Problem description — An exact copy of the data is required; the images should not appear in it.

Collected data —
◇ ◇ ◇ ◇

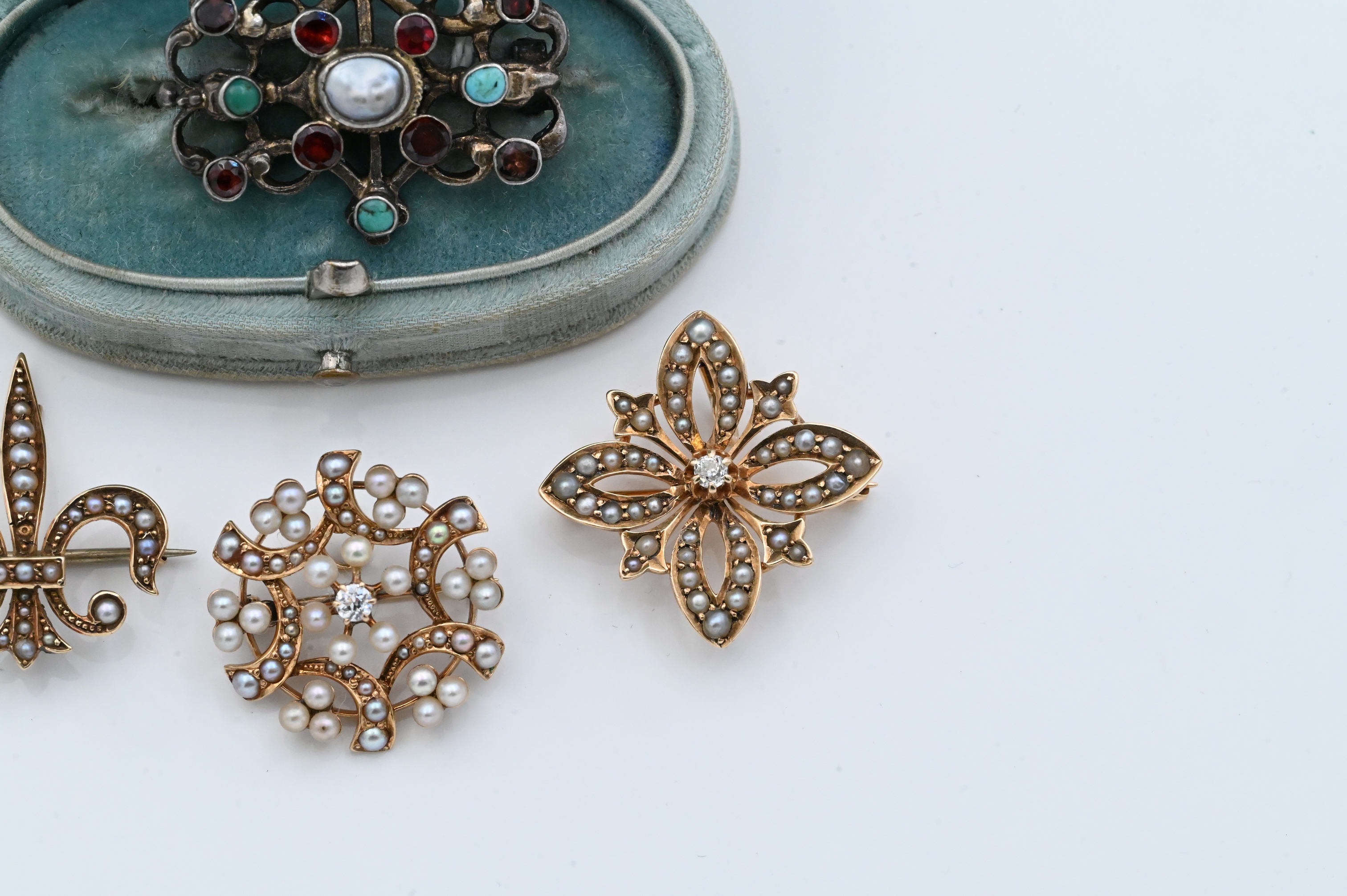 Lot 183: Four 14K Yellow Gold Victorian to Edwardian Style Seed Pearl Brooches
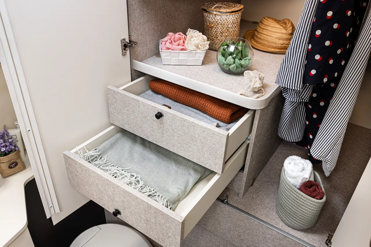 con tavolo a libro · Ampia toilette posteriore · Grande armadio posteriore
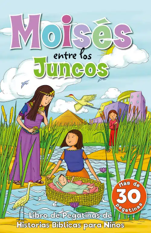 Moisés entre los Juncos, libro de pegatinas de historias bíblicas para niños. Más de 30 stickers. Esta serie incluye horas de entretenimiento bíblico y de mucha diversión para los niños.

◇ ◇ ◇ ◇

Exercise answer —
 Lot 183: Four 14K Yellow Gold Victorian to Edwardian Style Seed Pearl Brooches
 con tavolo a libro · Ampia toilette posteriore · Grande armadio posteriore
 Moisés entre los Juncos, libro de pegatinas de historias bíblicas para niños. Más de 30 stickers. Esta serie incluye horas de entretenimiento bíblico y de mucha diversión para los niños.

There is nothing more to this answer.